A Agência Nacional de Saúde Suplementar (ANS) suspendeu temporariamente a tramitação de uma nova proposta que cria um plano de saúde focado apenas em consultas e exames. Avaliada pelas operadoras como uma iniciativa para ampliar o setor, a proposta ainda passa por análise de uma câmara técnica, que irá discutir seus aspectos e implicações, especialmente a ausência de cobertura para atendimentos de urgência e internação.
Plano de saúde restrito: vantagens e desafios
Apresentado em fevereiro pela própria ANS, o modelo simplificado visa oferecer uma alternativa de plano de saúde mais acessível e com menor custo, principalmente para consumidores que não possuem planos tradicionais. Segundo a agência, o público-alvo são pessoas que dependem do Sistema Único de Saúde (SUS), mas que utilizam serviços pagos em clínicas populares ou cartões de desconto.
A proposta é vista com entusiasmo pelas operadoras, que consideram a oportunidade de disputar espaço com os cartões de desconto e outros serviços. Sem regulação, nesse formato, o usuário paga mensalidade e garante descontos em consultas e exames laboratoriais. Ainda assim, há dúvidas quanto à sustentabilidade desse modelo e sua potencial sobrecarga no sistema público.
Impactos no mercado e na população
Estima-se que o universo de consumidores desse mercado seja entre 40 milhões e 60 milhões, segundo projeções da própria ANS e de estudos da pesquisa nacional. O cruzamento de dados aponta que 34% da Classe C dependem exclusivamente do SUS, enquanto 20% possuem algum tipo de plano de saúde e 46% recorrem ao setor privado de forma particular, fora das operadoras.
Cerca de Rudi Rocha, professor da FGV Eaesp e diretor do Instituto de Estudos para Políticas de Saúde (Ieps), alerta para o risco de sobrecarregar o SUS, especialmente suas unidades de média e alta complexidade. “A proposta pode aumentar a demanda por atendimentos mais sofisticados, já pressionados pelo sistema público”, afirma.
Convocação para discussão e possíveis caminhos
Segundo informações da reportagem, a ANS vai aguardar uma decisão final do Superior Tribunal de Justiça (STJ) antes de avançar com a análise do projeto, que também volta a ser discutido no âmbito do Judiciário. A iniciativa vem em meio a um crescimento das despesas com saúde privada no Brasil, que movimentaram R$ 578 bilhões em 2023, conforme dados da Associação Nacional dos Hospitais Privados (Anahp).
Especialistas avaliam que a ampliação do portfólio de produtos acessíveis é uma necessidade, principalmente para os trabalhadores formais e informais que atualmente não têm acesso a planos de saúde regulados. Segundo levantamento, 27,6 milhões de trabalhadores informais dependem exclusivamente do SUS, enquanto muitos empregadores ainda não oferecem planos de benefício.
Perspectivas futuras e debates em aberto
O debate sobre os planos restritos também envolve a utilização de parcerias público-privadas e a possibilidade de oferecer serviços ambulatoriais de forma mais acessível.
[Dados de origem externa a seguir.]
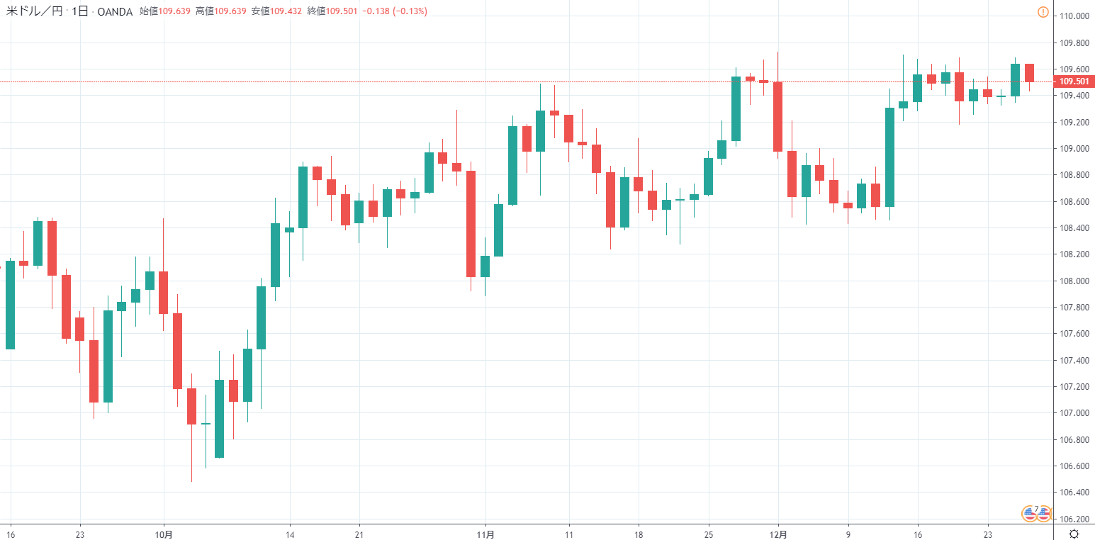 ドル円はロングを維持します。あと少しで高値更新となり、大きく上向く可能性がありそうです。5日移動平均線と288日線が絡み合ううごきから上放れしてきました。年末年始に急変する可能性がありますが、注意は必要ですが、その動きを先読みすることはできません。粛々とトレンドを追いかけるのが賢明な対処でしょう。109.70円を明確に超えてくると、ドル円は全く違う動きになりそうです。つまり、大幅な円安です。いまは市場でもそのような見方は全く聞かれません。依然として円高リスクを取り上げる市場関係者が大半です。しかし、日本の機関投資家の投資フローなどを考慮すれば、意外感のある円安となる可能性もありそうです。このように、来年は大幅な円安になる可能性も視野に入れておきたいと考えています。120円を目指す動きになる可能性もありそうです。

Renato Meirelles, presidente do instituto Locomotiva, destaca que 76% dos entrevistados apoiam a formação de parcerias com o setor privado para ampliar o acesso e reduzir filas no SUS.
Por outro lado, a proposta ainda gera resistência por parte de setores que temem a precarização do atendimento e a exclusão de coberturas essenciais. A discussão deve avançar na Câmara Técnica da ANS, que avaliará os detalhes do projeto antes de qualquer decisão definitiva.